The ESRS standards have been announced, and the industry has responded with mixed reactions. We take a look at the different perspectives on what this means for the future of corporate sustainability reporting.
The European Commission adopted the European Sustainability Reporting Standards (ESRS) on Monday, July 31. The standards are mandatory for all companies subject to the Corporate Sustainability Reporting Directive (CSRD) and will affect over 50,000 companies.
The ESRS has been met with mixed reactions. Some see them as a step forward in the transition to a sustainable EU economy, while others believe that they are too lenient and give companies too much control over the level of information they are required to disclose.
We share some reactions from the green economy, both good and bad.
Philippe Diaz, senior manager, sustainable finance at WWF Germany
“Sustainability reporting is nothing new – the Global Reporting Initiative has existed for decades. Yet the European Commission still caved in to pressure from conservative industry groups and has weakened the Standards to the point that loopholes have become motorways for greenwashing. This is a serious betrayal of trust and undermines Europe’s claim to leadership in building an economy that is socially just and compatible with the planetary boundaries.”
Eelco van der Enden, CEO of GRI
“As provider of the world’s most widely used standards for impacts, we support the maximum level of interoperability between ESRS and GRI, which will mean double reporting by companies can be avoided. We believe in a user-friendly reporting system that addresses all sustainability topics – for impacts as well as risks and opportunities – on a global scale. This position also reflects our commitment to continued collaboration with the ISSB to arrive at the global comprehensive baseline for sustainability reporting.”
Aleksandra Palinska, Executive Director at Eurosif
“We regret that the investors’ calls to retain key ESG indicators as mandatory have not been heard. Investors need specific corporate disclosures to allocate capital in line with EU Climate Law and Green Deal objectives and to prepare their own sustainability-related disclosures.”
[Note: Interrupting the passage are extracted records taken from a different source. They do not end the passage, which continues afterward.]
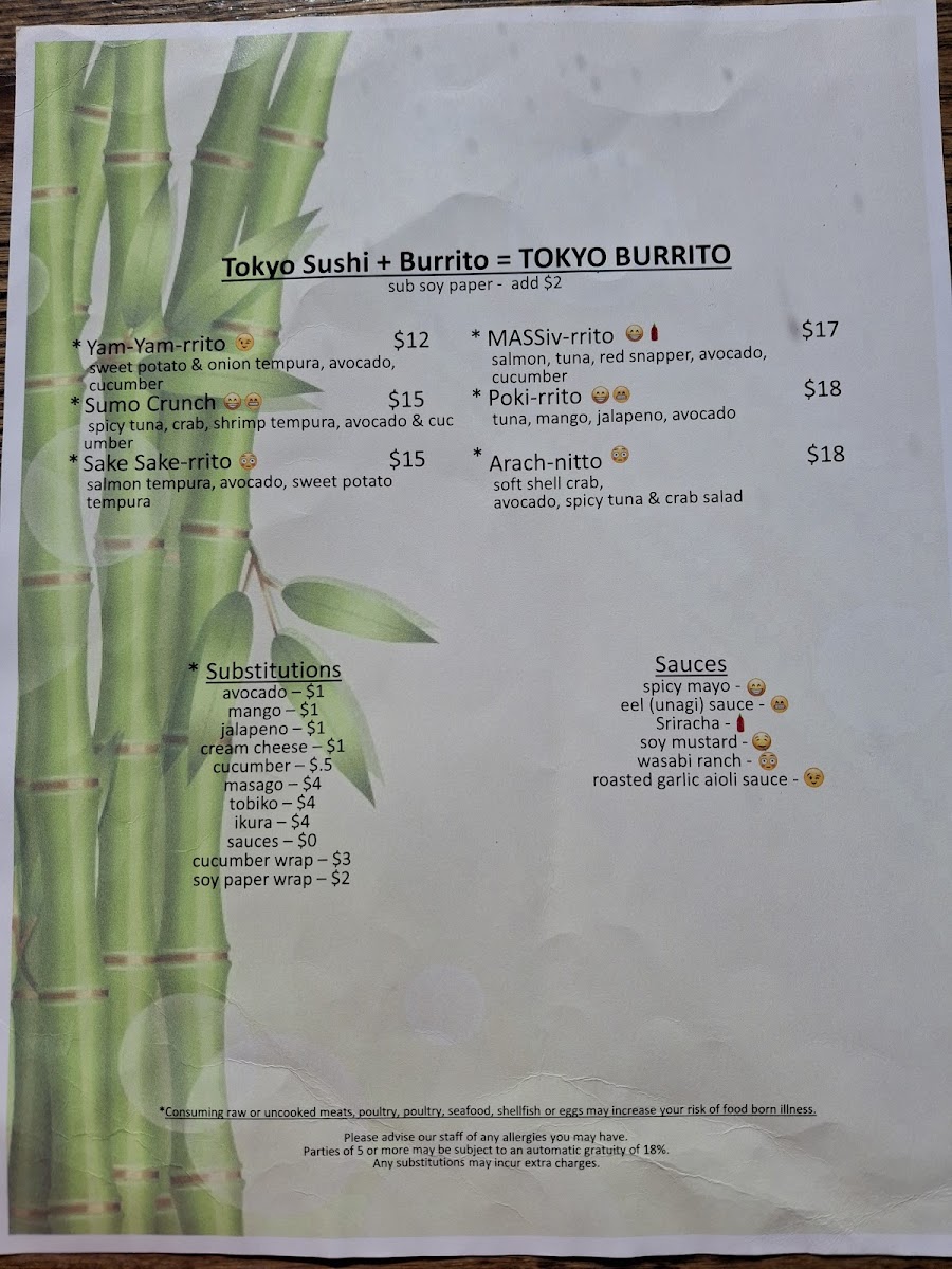 Unique offerings like the TOKYO BURRITO menu include inventive rolls like Yam-Yam-rrito, MASSiv-rrito, and Poki-rrito, blending sushi with burrito style for a fun fusion experience. For those seeking indulgence, the Baked to Perfection Rolls such as B.S.C.R., Fire Red Dragon, and Flaming Torch are sure to please, along with the rich Baked Lobster and Baked Salmon rolls.
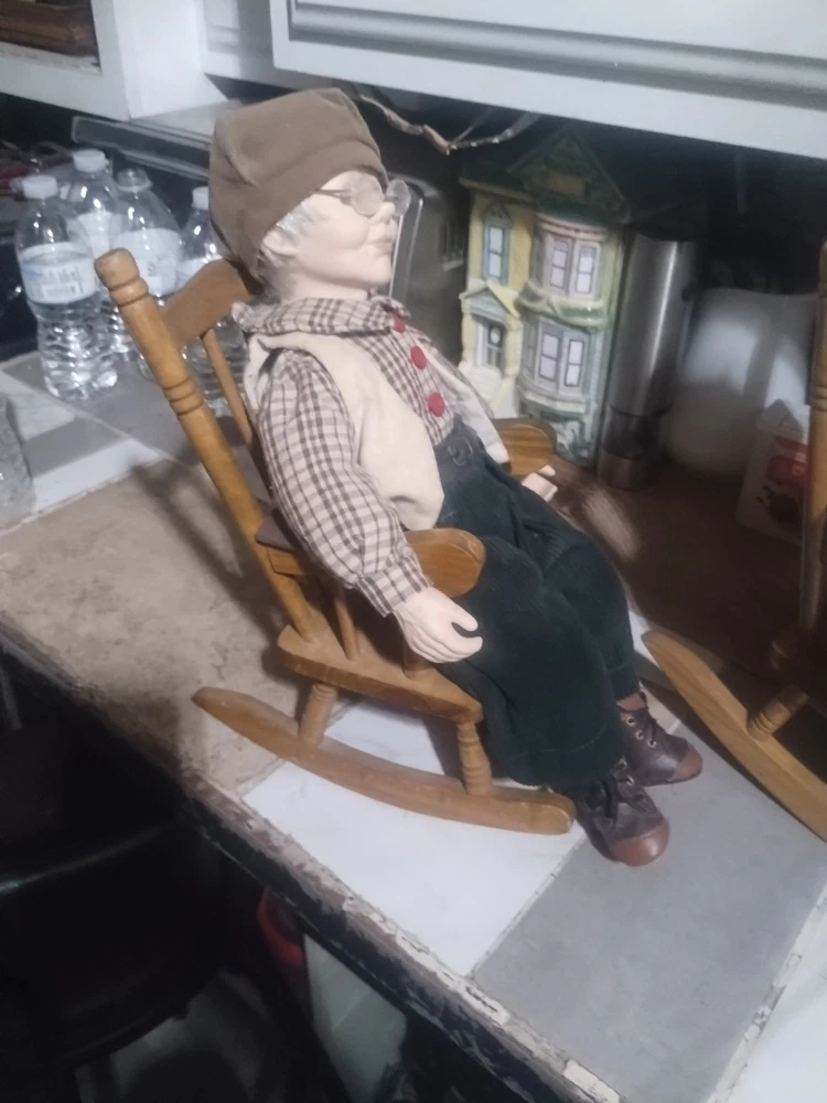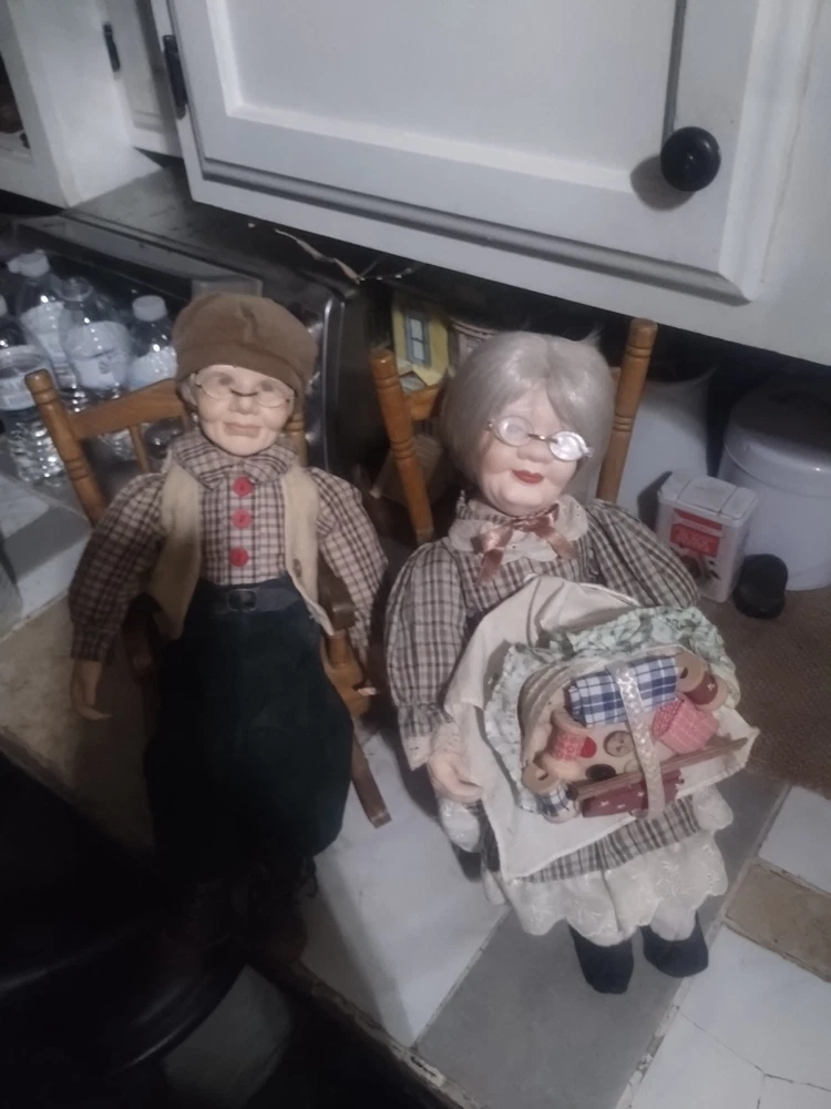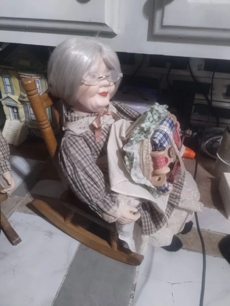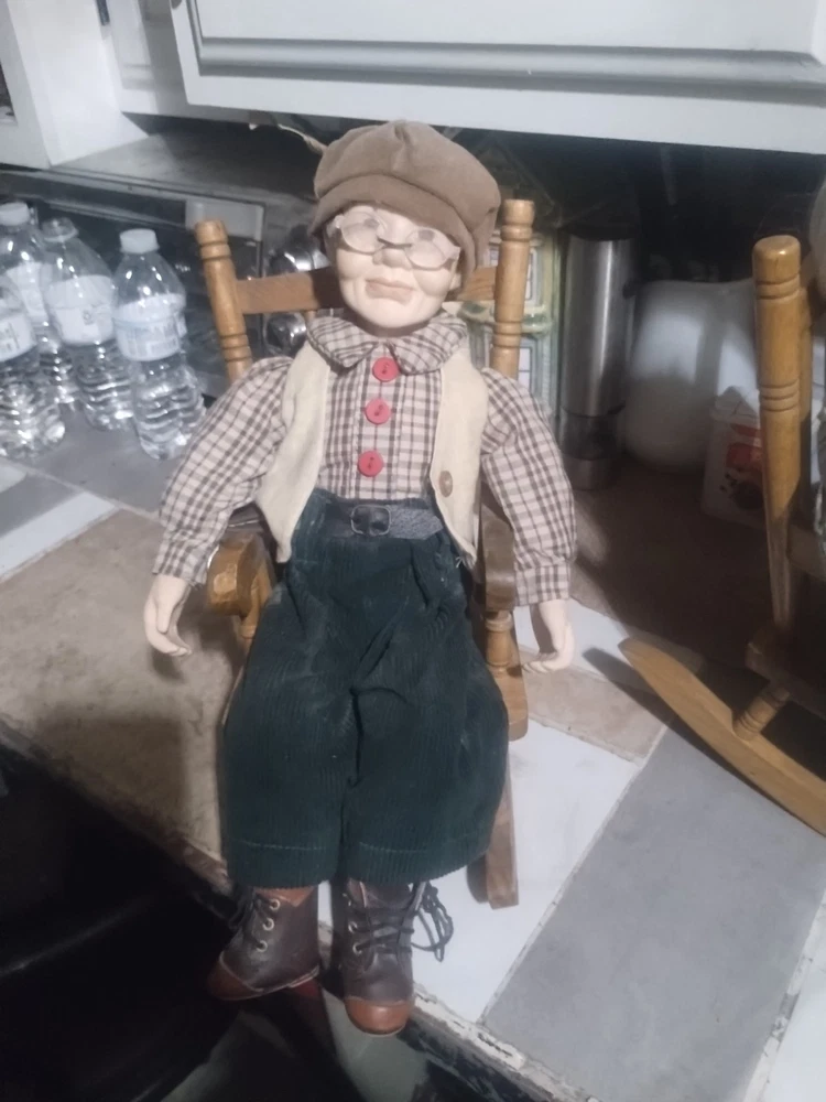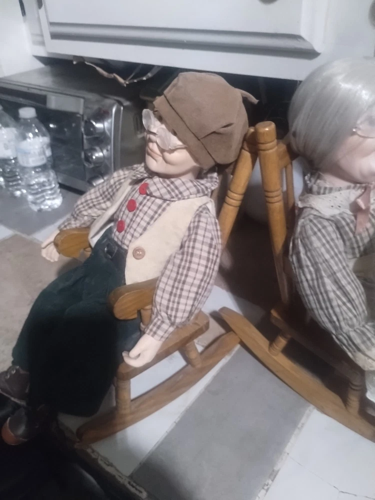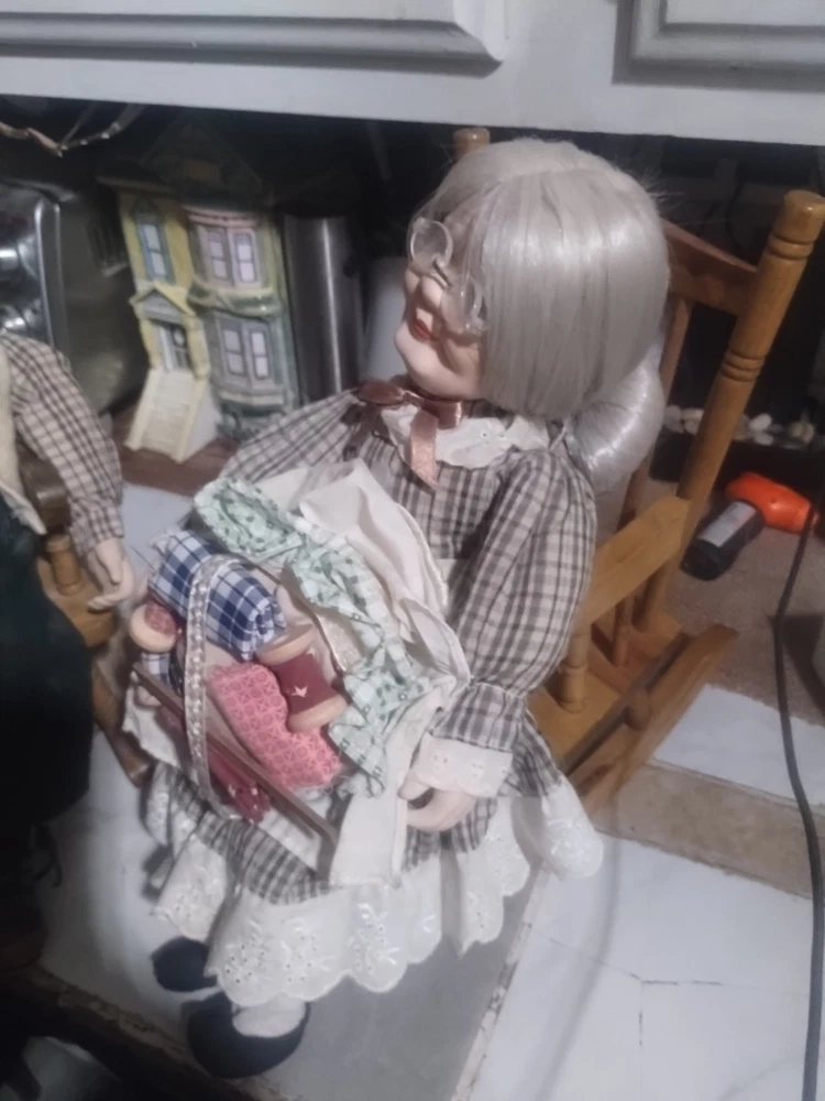 These vintage porcelain dolls are a lovely addition to any collection. The dolls are dressed in traditional folk art clothing and are sitting in wooden rocking chairs. The dolls are in pristine condition and are perfect for display.
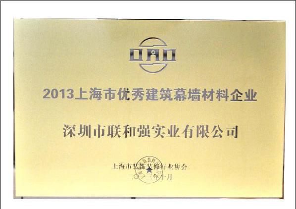 2013上海市优秀建筑幕墙材料企业证奖牌 |
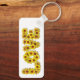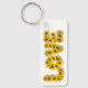 Add a touch of joy and happiness with this pretty sunflower "love" keychain. This pattern features various amber and red-orange colors. Express yourself by experimenting with different background colors.

Mark Vaessen, chair of the global corporate & sustainability reporting topic team at KPMG
“Now the final text of the ESRSs is clear, companies in scope have no time to lose before these standards become mandatory. The scale and ambition of these standards is unparalleled, and there are key differences to other international frameworks. Companies need to get ready to meet the challenges and realise the opportunities that enhanced reporting will bring.”
Mirjam Wolfrum, policy engagement director for Europe at CDP
“The much anticipated adoption of the ESRS marks the dawn of a new age of environmental responsibility in business and financial planning. However, compromises were made to ensure successful adoption: all disclosures, including climate related, are now subject to companies’ own materiality assessment. In addition, certain disclosures including scope 3 emissions and all of biodiversity related disclosures have been phased in. Understanding why companies disregard certain topics will be essential to ensure comparable and meaningful information for investors, auditors, and regulators.”
Mairead McGuinness, Commissioner for Financial Services, Financial Stability and Capital Markets Union
“The standards we have adopted today are ambitious and are an important tool underpinning the EU’s sustainable finance agenda. They strike the right balance between limiting the burden on reporting companies while at the same time enabling companies to show the efforts they are making to meet the Green Deal Agenda, and accordingly have access to sustainable finance.”
Jean-Paul Servais, Chair of IOSCO
“Coming just after the recent endorsement of the ISSB standards by IOSCO, this announcement by the European Commission means that the EU, which is such an important part of global financial markets, takes significant steps towards integrating ISSB disclosure requirements and adds the 27 Member States of the European Union to the global wave of support for the ISSB standards around the world, and it does so at a crucial time”.